3. WAF not associated with API Gateway

  • Problem: WebACL exists but not attached to the HTTP API $default stage
  • Impact: No WAF protection on API Gateway
  • Known issue: WAFv2 cannot parse $default stage ARN

P2 — Monitor

4. drift-monitor and pulumi-drift-detector running as no-ops

  • Problem: Both execute in 3-5ms (just init+return), not doing real work
  • Impact: No actual drift detection happening
  • Likely cause: Missing configuration or empty state — need to check if MLflow has models to monitor

5. promote-model, model-rollback, sqs-consumer never invoked

  • Problem: These Lambdas have 0 bytes in logs (never executed)
  • Impact: Model promotion and rollback pipeline untested
  • Note: Acceptable if no models have been promoted yet in dev

6. DynamoDB health_state missing timestamps

  • Problem: last_checked field is None for all 4 services
  • Impact: Health history not persisted correctly
  • Likely cause: health-check Lambda may be using different attribute names, or timeouts prevent writing

P3 — Cleanup

7. Container Insights log group empty

  • /aws/ecs/containerinsights/tradai-dev/performance — 0 bytes (1 day retention)
  • Consolidated EC2 mode may not emit Container Insights metrics

8. ECS log group has minimal data

  • /aws/ecs/tradai-dev — 444 KB, /ecs/tradai/dev — 558 KB
  • Expected: most logs go to /tradai/consolidated/containers (~97 MB)

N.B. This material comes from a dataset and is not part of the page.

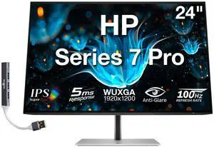 HP Series 7 Pro 24" WUXGA IPS Monitor with 5ms Response Time, Anti-Glare, Flicker Free, 350 nits Brightness, VESA Mount (100mm), Displayport, HDMI & Dockztorm USB Port Expander, Black/Silver
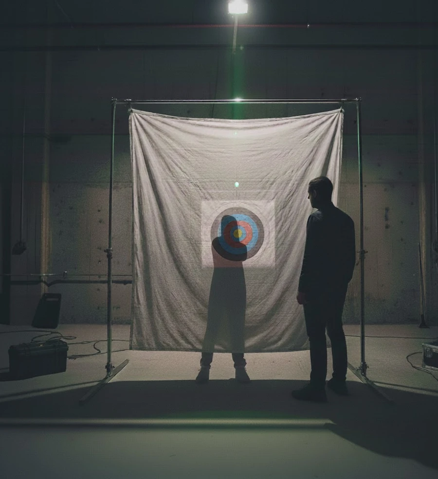 Imagine that you are holding a laser pointer, pointed at a white sheet hanging in front of you. Behind that sheet, there’s a target at a specific height - but you can’t see it.

RESOURCE INVENTORY CHECKLIST

Persistent Stack

  • S3: tradai-configs-dev
  • S3: tradai-results-dev
  • S3: tradai-arcticdb-dev
  • S3: tradai-mlflow-dev
  • S3: tradai-logs-dev
  • DynamoDB: 12/12 tables
  • ECR: 24+ repositories with images
  • Cognito: tradai-users-dev
  • CodeArtifact: (not checked individually)
  • CloudTrail: logs flowing (543 MB)

Foundation Stack

  • VPC: 10.0.0.0/16
  • Subnets: 6/6 (2 public, 2 private, 2 database)
  • NAT Instance: running (t4g.nano)
  • RDS: available (PostgreSQL 15)
  • SQS: 2 queues (backtest + DLQ)
  • SNS: 2 topics (alerts + registration)
  • Security Groups: (checked via VPC)
  • VPC Endpoints: (not checked individually)

Compute Stack

  • ECS Cluster: tradai-dev
  • EC2 Consolidated: running, 4 containers healthy
  • ALB: active, targets healthy
  • Lambda: 18/18 functions exist
  • EventBridge: 7 rules, all ENABLED
  • Step Functions: 2 workflows
  • IAM Roles: (implicit — services functioning)
  • Service Discovery: namespace exists, BUT stale entries

Edge Stack

  • API Gateway: 28 routes, health OK
  • WAF: exists (NOT associated)
  • CloudWatch Alarms: 28 alarms
  • CloudWatch Dashboard: (not checked)